-- Opening Marker --
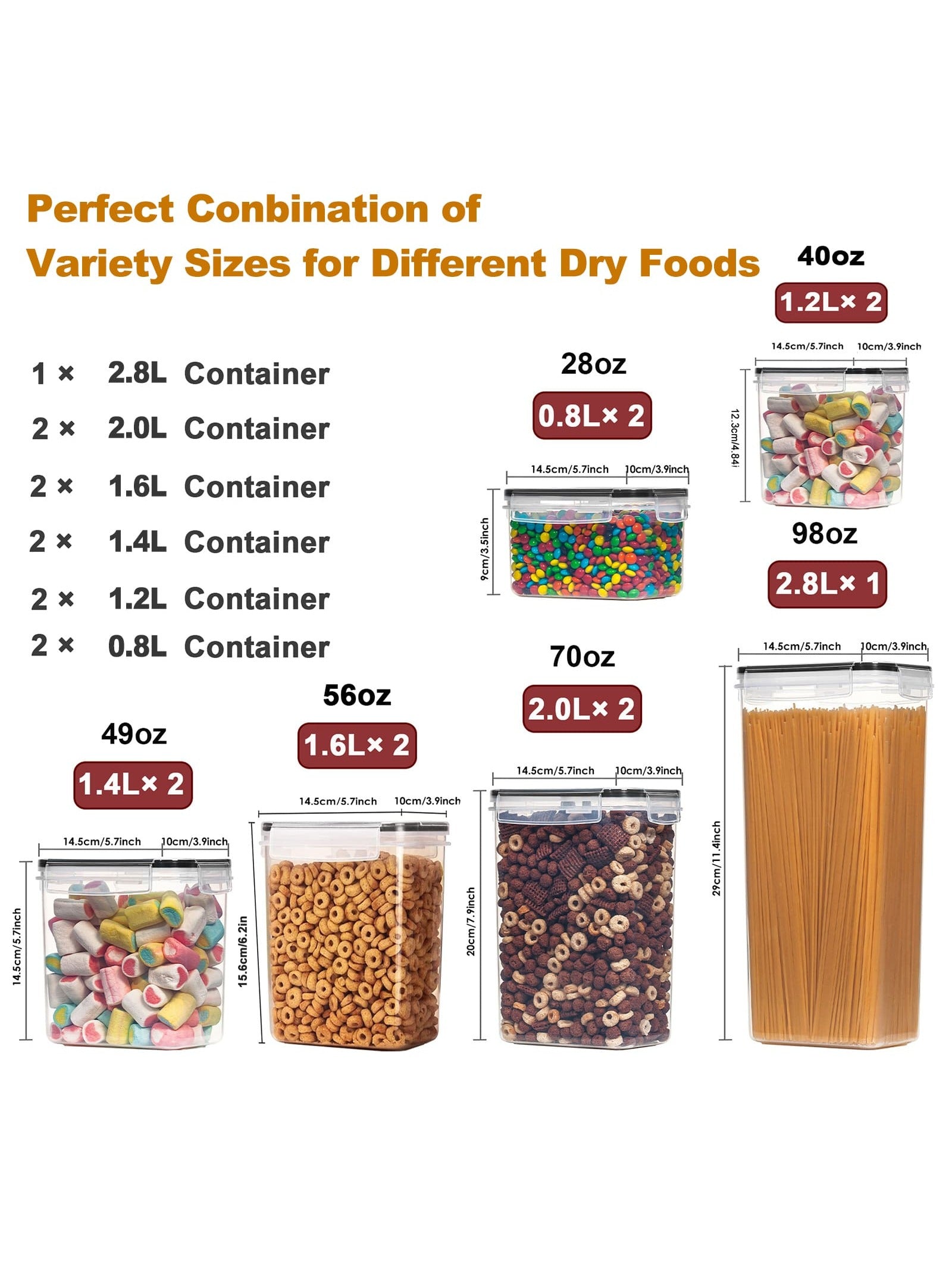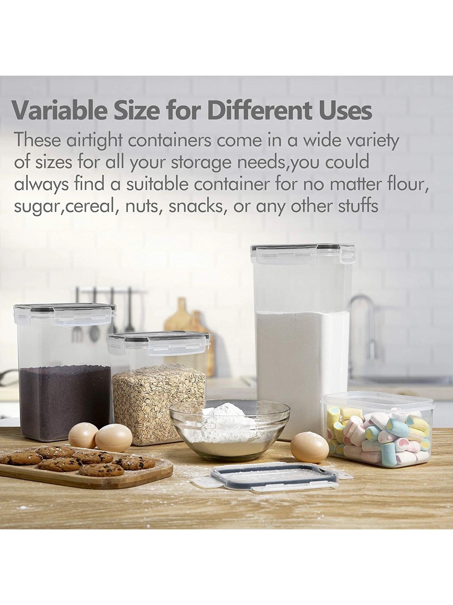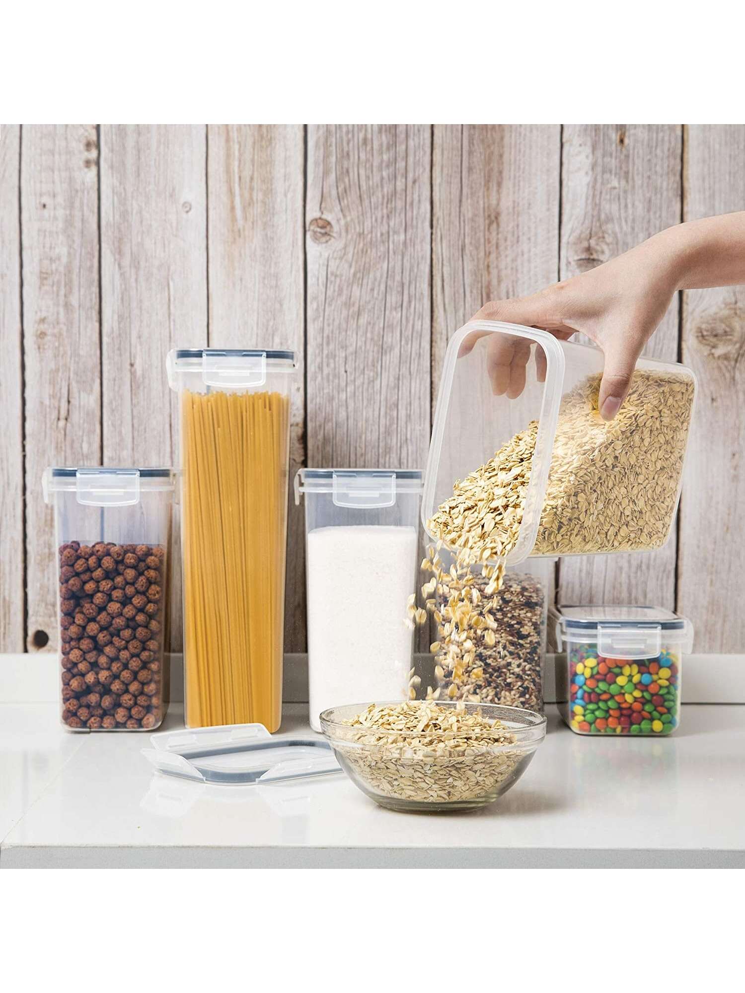 Versatile Functionality: Whether you're storing dry goods, pantry staples, or meal-prepped delights, our containers offer versatile storage solutions to accommodate all your culinary needs. From grains and cereals to snacks and pastas, each container is thoughtfully sized to maximize space efficiency while maintaining a clutter-free environment.
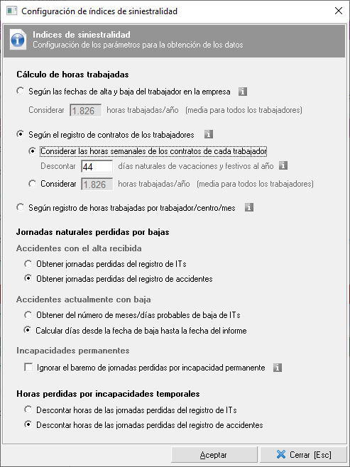 - Horas perdidas por incapacidades temporales. Podemos seleccionar si descontar horas de las jornadas perdidas según el registro de ITs o según el registro de accidentes.
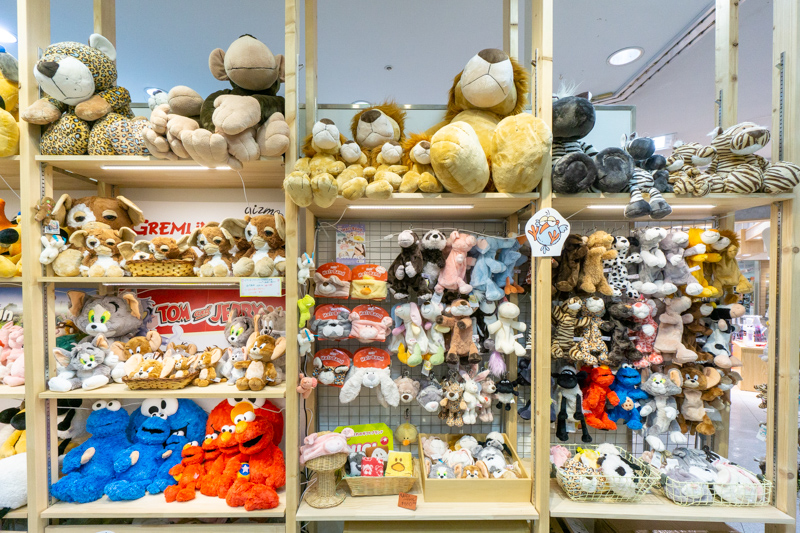 大きいサイズのぬいぐるみから、人気のフィギュアポーチにヘアバンドなど各キャラクターによって様々な種類の商品が並んでいます。
-- Closing Marker --
ABOUT THIS EXERCISE: Please copy out the whole listing exactly, minus its pictures.

TASK ANSWER:
 Versatile Functionality: Whether you're storing dry goods, pantry staples, or meal-prepped delights, our containers offer versatile storage solutions to accommodate all your culinary needs. From grains and cereals to snacks and pastas, each container is thoughtfully sized to maximize space efficiency while maintaining a clutter-free environment.
 - Horas perdidas por incapacidades temporales. Podemos seleccionar si descontar horas de las jornadas perdidas según el registro de ITs o según el registro de accidentes.
 大きいサイズのぬいぐるみから、人気のフィギュアポーチにヘアバンドなど各キャラクターによって様々な種類の商品が並んでいます。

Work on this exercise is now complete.